Soon enough it was closed for the first time. I would sneak in, jumping fences to see what the county council workers assigned to this were up to. Leaving for Korea again for four weeks, I hoped it would be restored by the time I got back. The absurdity of these landscapers working on a path only I probably used, and I peered from the undergrowth. Obsessed. Generations of people walking a slow motion mudslide. I thought about this temporality, a long change in the wait suddenly speeding up, radically transforming the ecology of the landscape. And all in so small a strip of land. How to explore this temporality in a compositional medium?

I came home, the path was fixed, albeit badly. With the first heavy rain, it all sloshed away again. New voids opened up and swallowed the dinky, “that’ll do” path they made. But what could they do? These natural processes warranted more resource and effort than was afforded, in order to actually stop them. Stubbornly, I kept walking it. Thick mud and exposed roots

Finally, (very much the wrong word in this constant churning, settling and resettling and upending of things) a second crew came, fully cleared the path of all trees, (bar the prow of a headless birch, the figurehead on this mud ship) tracked in the slope with excavators, without closing the path. I don’t expect it to remain, however, as it looks much the same as the first crew’s attempt.

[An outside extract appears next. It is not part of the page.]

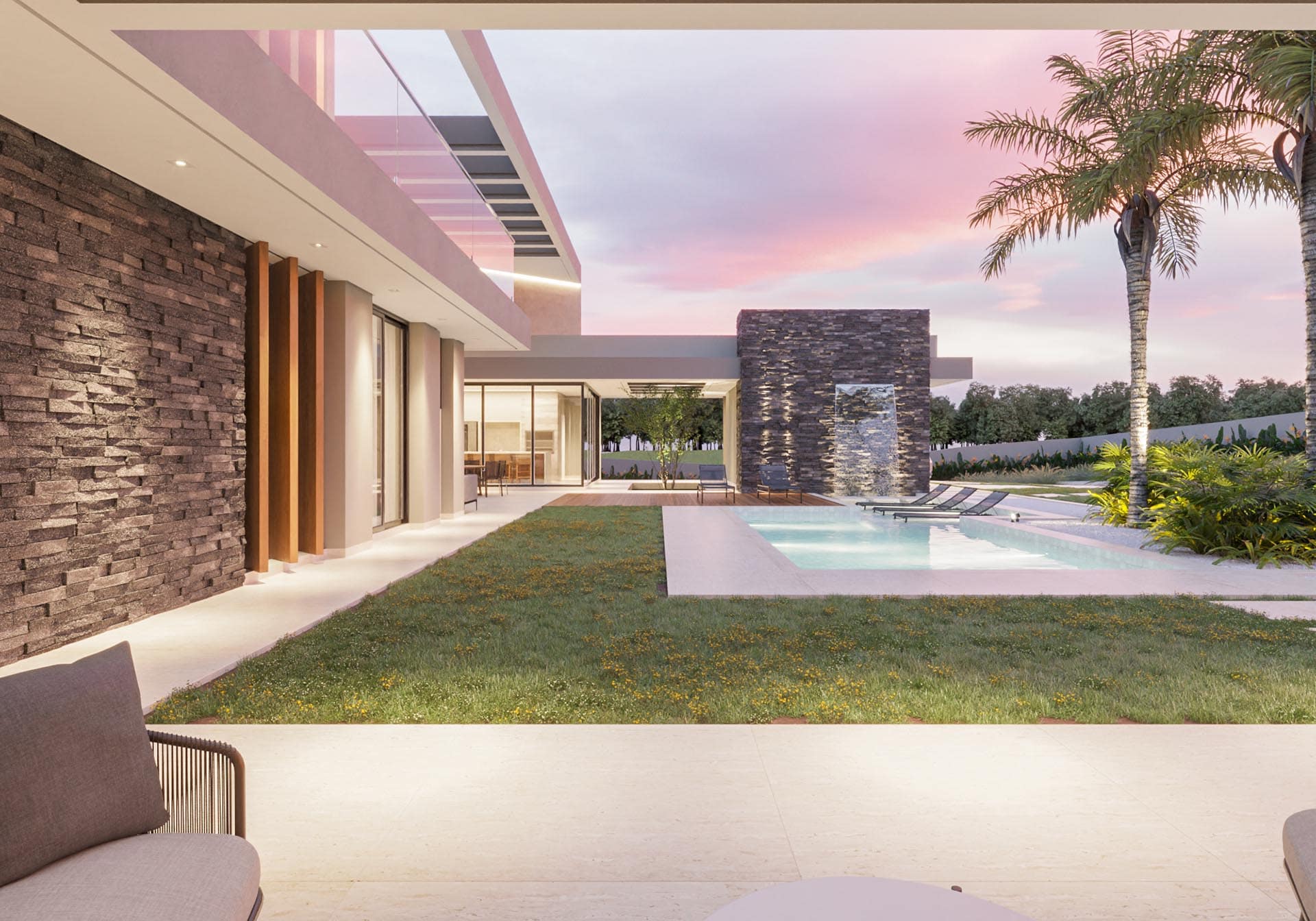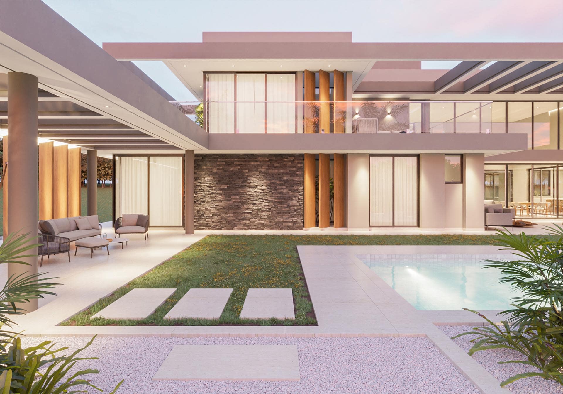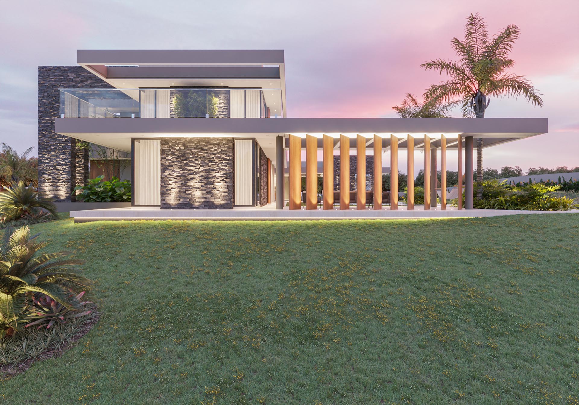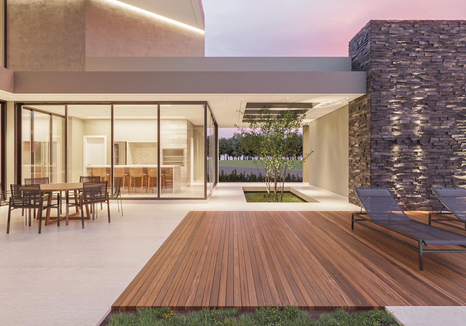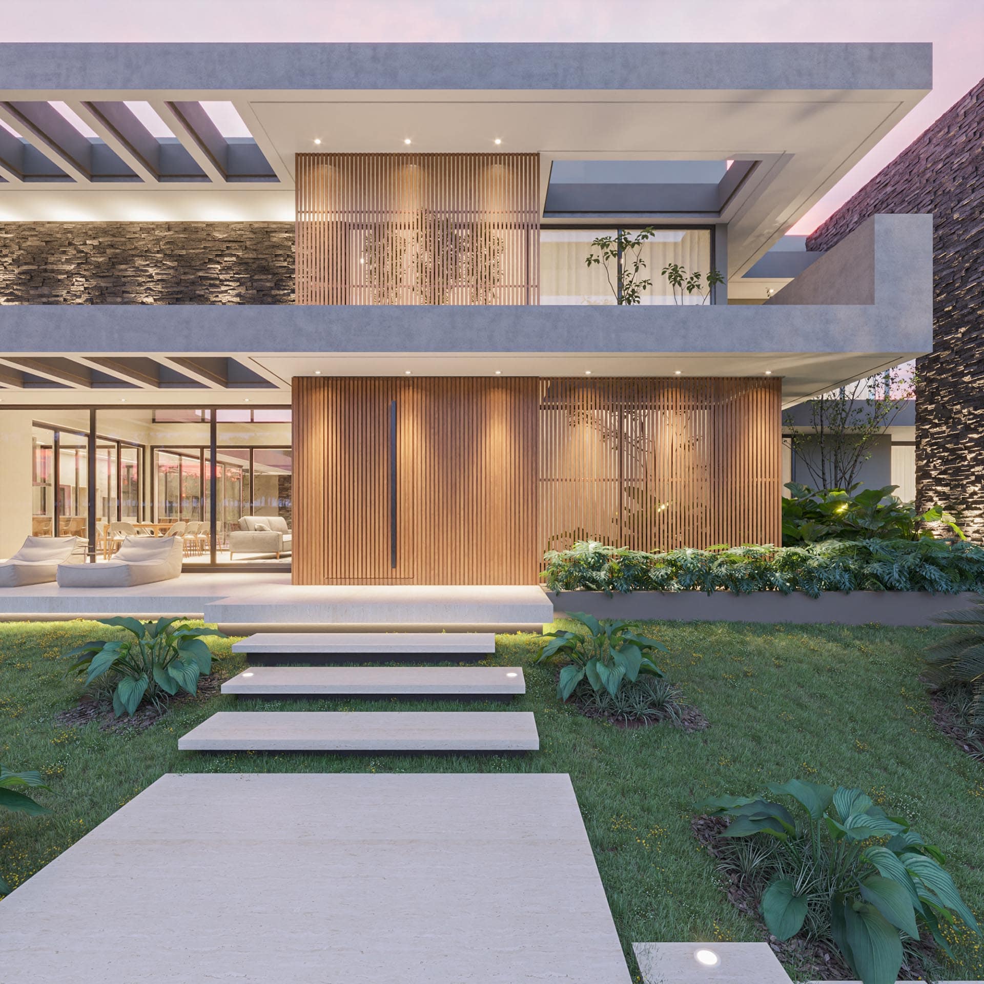 A arquitetura da residência F.E. com paleta de cores modernas, forte presença de madeira e revestimentos em pedras reúne aconchego, sofisticação e praticidade para a família.

In these pictures I include here, I attempt to illustrate some of the changes this path has undergone within the last year, and yet they don’t convey just how dramatic the shifting has been. It was a functional footpath with a bridge, then a jungle-like web of dense trunks, then this new, excoriated temporary solution to a natural problem. If it can be considered a problem. I examined the varieties of walked experience this path provided me in recent times, translating it into thematic material for an artwork. Much like the surfacing detritus, exhumed from the clay tide, a case study took focus.